When you place the TUN/TAP device in TUN mode, the data you’ll receive from the file descriptor will be in the form of network protocol packets. For example, if your network is based on IP, you’ll receive IPv4 or IPv6 packets. When you write data back to the device, it must also be in the form of valid protocol packets.

This is the primary mode in which VPN tunnels operate, for obvious reasons. It’s a fairly simple matter to take in a packet, ship it over some other network connection, and spit it out on a similar TUN device on a remote machine. The hard part of VPNs isn’t moving the packets around; it’s how to do so securely, which is left up to the developer.

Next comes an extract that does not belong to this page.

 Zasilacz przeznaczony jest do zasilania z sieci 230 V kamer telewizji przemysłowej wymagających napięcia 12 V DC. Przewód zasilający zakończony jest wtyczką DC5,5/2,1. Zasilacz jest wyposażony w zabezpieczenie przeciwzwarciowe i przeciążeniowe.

I can also see some other odd use cases for this; for example, if you needed something that could simulate real network traffic for debugging or load testing purposes. If you had a good algorithm for it (not unlike an NPC AI in a video game, I’d guess), then you could create fake traffic and send it over a TUN connection. It would look like real IP traffic as far as the host system is concerned.

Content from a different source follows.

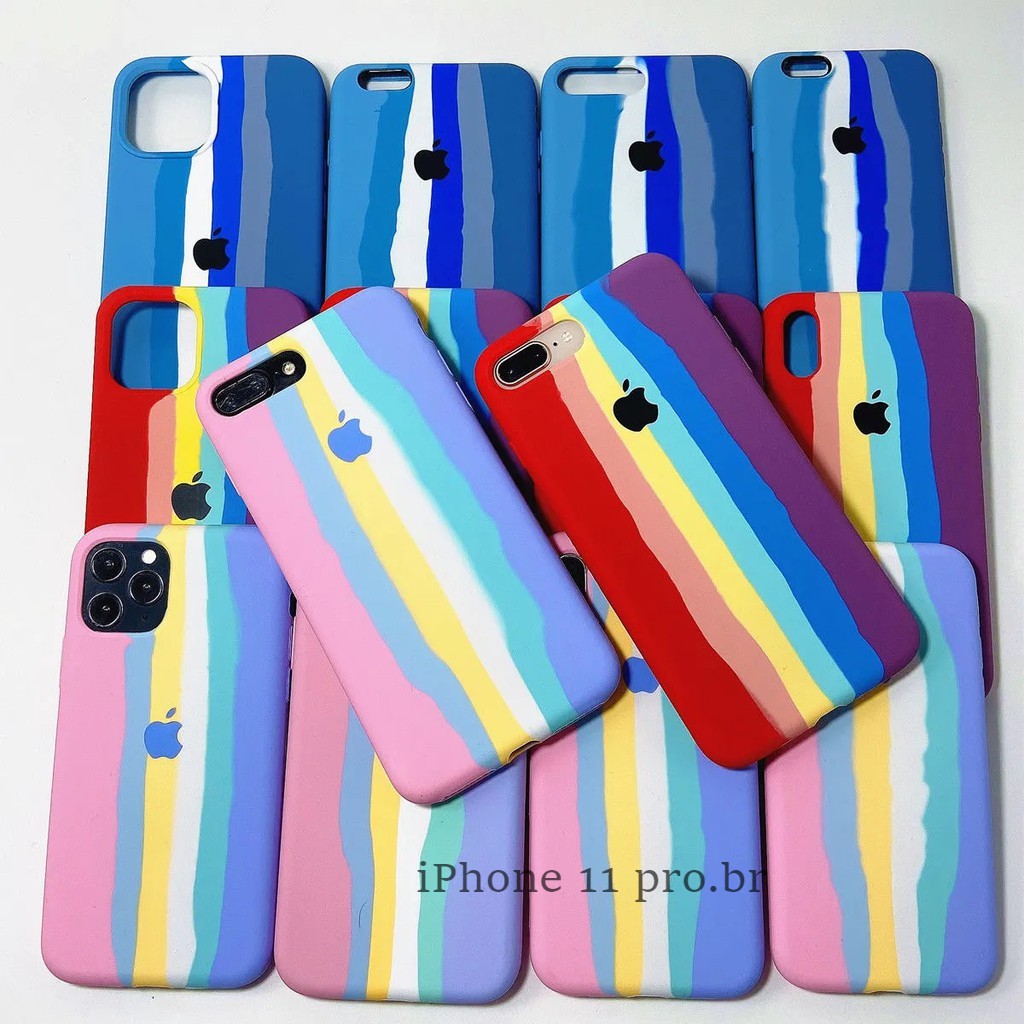Iphone Capa Flexível De Silicone Laço-Íris Para Celular 12Pro MAX/11/X/Xr/Xs/7/8 Plus

The nice thing about TUN interfaces is that you don’t have to worry about lower-level issues like ARP.

TAP Mode

TAP mode, on the other hand, is much more interesting to developers of virtualization solutions. It operates in much the same way as TUN mode, but with one major exception: you get raw ethernet frames instead of protocol packets. As far as the kernel is concerned, your application is just another ethernet device.

If you’re actually processing these packets instead of just shipping them somewhere else, that means that you have to handle everything, including things like ARP requests and replies. The applications that consume TAP devices most often implement their own protocol stacks, and they don’t want the host interfering with their interpretation of things. The TAP device provides the virtualized ethernet connection.

Device Options

When calling TUNSETIFF, there are several options that can be specified (and more besides, but they’re too advanced to cover in this article):

IFF_TUN - Allocate the device in TUN mode.
IFF_TAP - Allocate the device in TAP mode.
IFF_NO_PI - Do not prepend a protocol information header.

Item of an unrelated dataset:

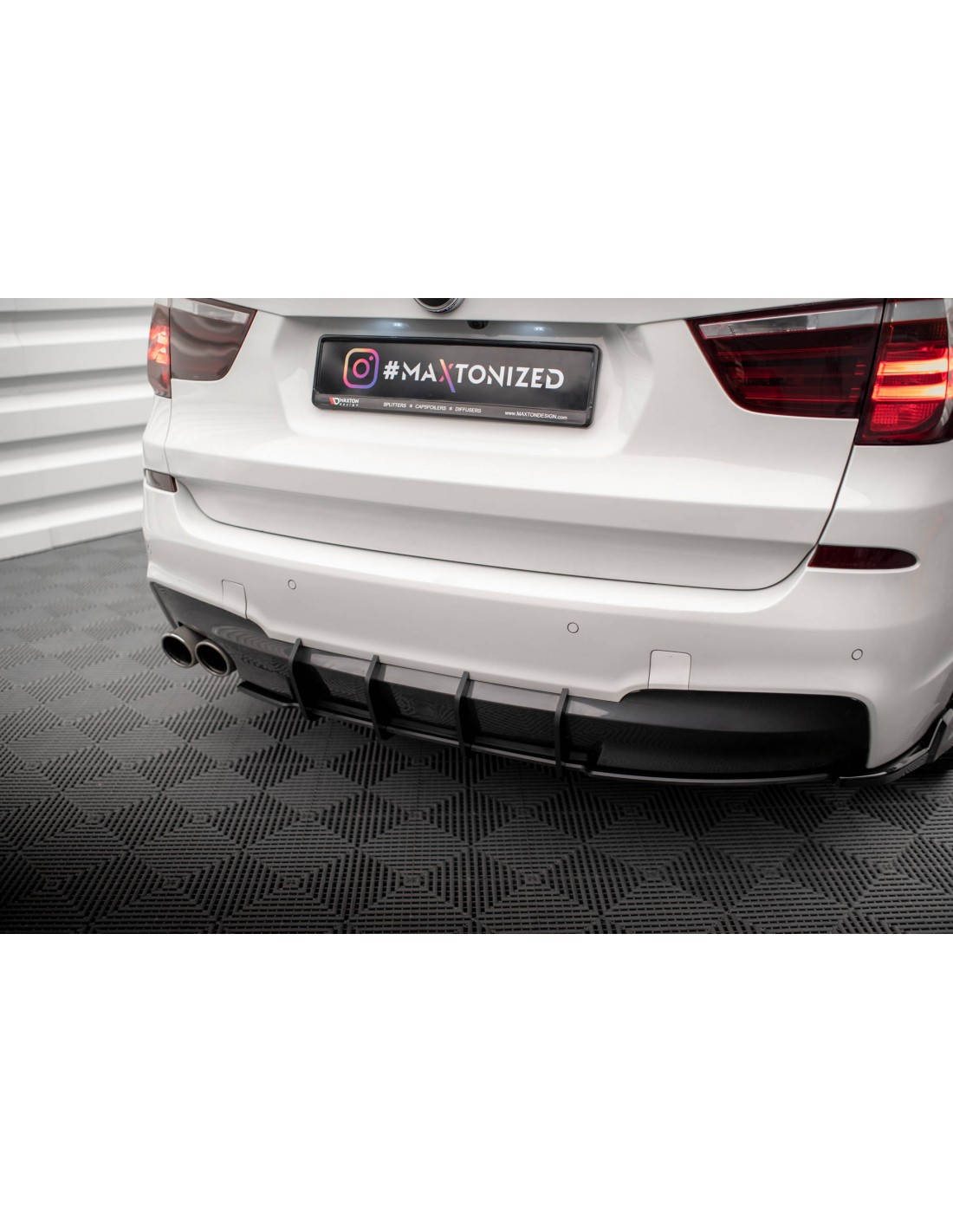 Difusor trasero, modelo Street Pro, de la marca Maxton Design. Para el BMW X3 F25. Para modelos con pack M.

The first two are obvious; set IFF_TUN if you want a TUN device, or IFF_TAP if you want a TAP. IFF_NO_PI, on the other hand, is a bit less obvious, and important to understand.

Without IFF_NO_PI, the driver will send you two bytes of flags, two bytes of protocol type, and then the actual network packet that the header corresponds with. Since the first two values are largely redundant, most applications will probably want to set this flag. I could be wrong about this, however; documentation on the TUN/TAP driver is poor, to say the least.

There are a number of other advanced features supported (such as IFF_MULTI_QUEUE), but the documentation is extremely slim, and they’re not needed for a basic use case, which is all I’m intending to cover here.